A distributed, physically-based, rainfall-runoff model incorporating topography for real time flood forecasting

Document Type

Report

Location

Ralph M. Parsons Laboratory for Hydrology and Water Resource Systems, Department of Civil Engineering, Massachusetts Institute of Technology

Publication Date

1-1-1990

Abstract

This report presents a distributed, physically-based model of runoff generation in a catchment, for operation use in flood forecasting. The model accounts for both the infiltration excess and saturation excess mechanisms of runoff production from watersheds, and for lateral subsurface flows. The effect of local terrain slope and topography on subsurface flows and the development of areas of saturated soil is accounted for. The model uses spatial discretization into rectangular elements which correspond to the grid of a digital elevation map.
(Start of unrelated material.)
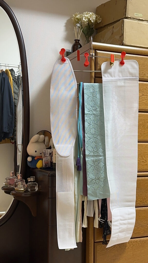 使用した着付け小物類は、鏡の横に置いている複数枚掛けられるスラックスハンガーを使ってます。

Each basin element consists of a soil column in which hydraulic conductivity decreases with depth, in the form of an exponential function. Spatial discretization allows for distributed terrain slope, soil parameters, moisture conditions, and rainfall inputs. Time discretization allows for consideration of time-variable rainfall rates. The mathematical models uses the kinematic approximation of infiltration and subsurface water flow which is assumed to occur only within the porous soil matrix. The kinematic model of infiltration is used to show how decreasing conductivity with depth may result in the development of a zone of perched saturation during a rainstorm, and that the water flow in the perched saturated zone is diverted laterally if the terrain is inclined.